In FX, USD/JPY also flirted with a firm break of 140.00 on the daily chart yesterday but that held at the close. The pair is now back to around 140.55 but sellers remain in control and the pressure is keeping up. That especially with yields staying heavy.
So, what is all this saying about market expectations going into the Fed tomorrow?
There is a leaning or at least a sense that traders are trying to bully the Fed into a decision again. It wouldn’t be the first time and considering the Fed’s lack of cojones, it won’t be the last either. The question now is, will the Fed fold and go with 50 bps? Or will they stick to their guns with a 25 bps move?
I was quite sure of the latter last week but now, I’m quite sympathetic to the idea of the former as well. Market pricing for that has jumped even higher in the past day to ~69% now. There is scope for disappointment and it’s now a question of whether the Fed is willing to upset traders as such.

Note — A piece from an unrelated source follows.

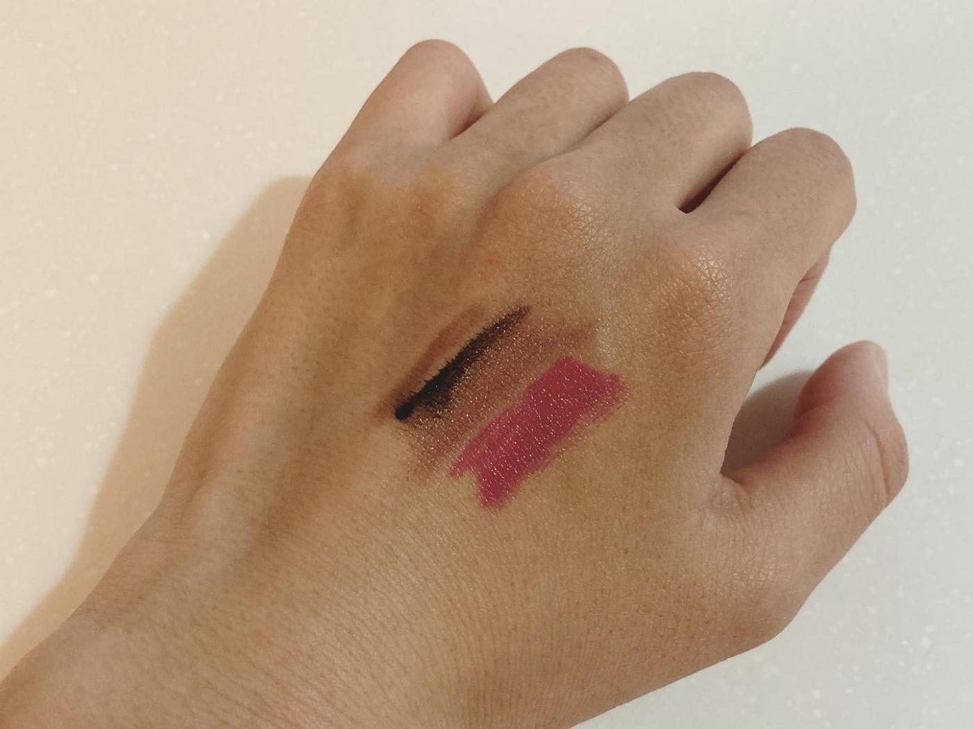 手の甲にアイブロウ・アイシャドウ・アイライン・口紅を引いて、いざ検証!

On the flip side, going with 50 bps means that they’ve just walked back on everything they tried to sell since Jackson Hole. It would be a bit of a credibility hit as it might suggest some “panic”. Even if it won’t be the case, traders might still take it as policymakers being afraid that things are actually worse than what the data might be saying. Cue even more “panic” then.
So, therein lies a potential risk if they do give in and go with 50 bps tomorrow. If the Fed didn’t have a history of being bullied into decisions, it would be quite assuring to know that they will move by 25 bps. Unfortunately, we all know that their record has been blemished in the past. Fool me once, shame on you. Fool me twice, shame on me.